TensorRT-LLMs/docs/source/architecture/add-model.md

(add-model)=

# Adding a Model

This document describes how to add a typical decoder-only model in TensorRT-LLM.

## Step 1. Write Modeling Part

TensorRT-LLM provides different levels of APIs:

- Low-level functions, for example, `concat`, `add`, and `sum`.
- Basic layers, such as, `Linear` and `LayerNorm`.
- High-level layers, such as, `MLP` and `Attention`.
- Base class for typical decoder-only models, such as, `DecoderModelForCausalLM`.

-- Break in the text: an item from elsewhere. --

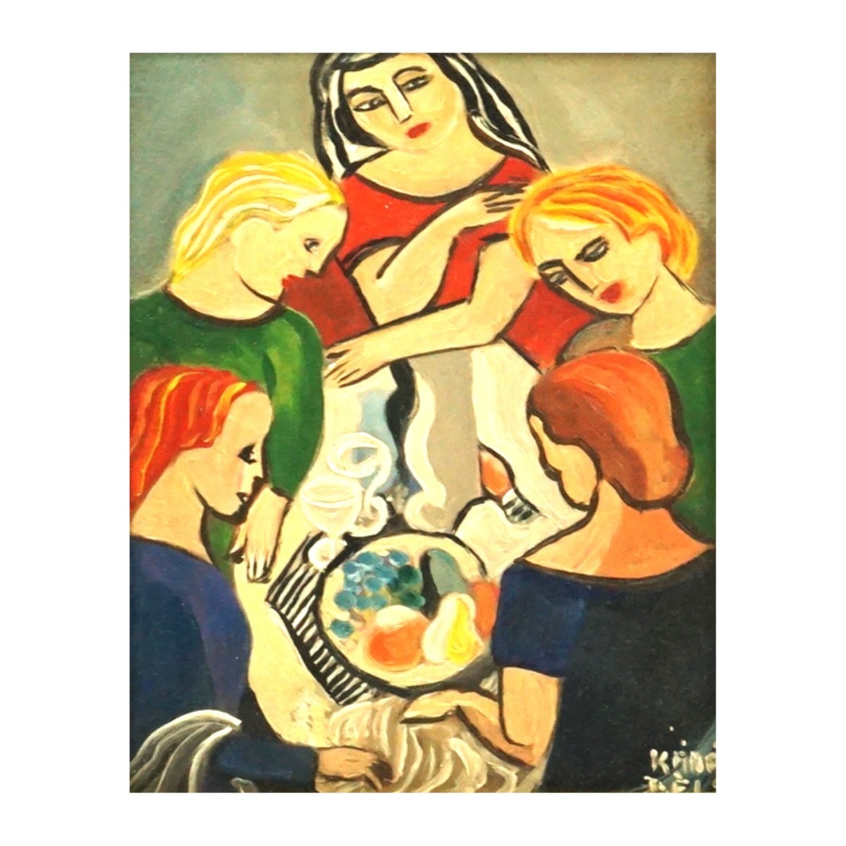 Attributed To: Bela Kadar, Hungarian (1877 - 1956) Oil on Board "Gathering at the Table" Signed Lower Right. Sight measures 10-5/8" x 8-1/2", frame measures 17" x 14-3/4". A work listed as "attributed to:" the respective artist has not been authenticated by a recognized expert on the artist in question. We offer such a work without warranty as to authenticity. Condition: Good condition. Estimate: $100.00 - $300.00 Domestic Shipping: $115.00

1. Create a model directory in `tensorrt_llm/models`, for example `my_model`.
2. Write a `model.py` with TensorRT-LLM's APIs

```python
class MyDecoderLayer(Module):
    def __init__(self, config: PretrainedConfig, layer_idx: int):
        self.layer_idx = layer_idx
        self.config = config
        self.input_layernorm = LayerNorm(...)
        self.attention = Attention(...)
        self.post_layernorm = LayerNorm(...)
        self.mlp = MLP(...)

    def forward(self, hidden_states, ...):
        # decoder layer forward
        return hidden_states

class MyModel(Module):
    def __init__(self, config: PretrainedConfig):
        self.config = config
        self.vocab_embedding = Embedding(...)
        self.layers = DecoderLayerList(MyDecoderLayer, config)
        self.ln_f = LayerNorm(...)

    def forward(self, input_ids, ...):
        # model forward
        return hidden_states


class MyModelForCausalLM(DecoderModelForCausalLM):
    def __init__(self, config: PretrainedConfig):
        transformer = MyModel(config)
        lm_head = ColumnLinear(...)
        super().__init__(config, transformer, lm_head)
```


## Step 2. Implement Weight Conversion

The weights from source framework need to be converted and bound to the new added TensorRT-LLM model. Here is an example of converting HuggingFace weights:

```python
class MyModelForCausalLM(DecoderModelForCausalLM):
    @classmethod
    def from_hugging_face(
            cls,
            hf_model_dir,
            dtype='float16',
            mapping: Optional[Mapping] = None) -> MyModelForCausalLM
        # create a TensorRT-LLM MyModelForCausalLM model object
        # convert HuggingFace checkpoint to TensorRT-LLM expected weights dict
        # load the weights to MyModelForCausalLM object
```

It's optional to develop a `convert_checkpoint.py` script in the `examples/my_model/` directory for the convenience of offline weights conversion.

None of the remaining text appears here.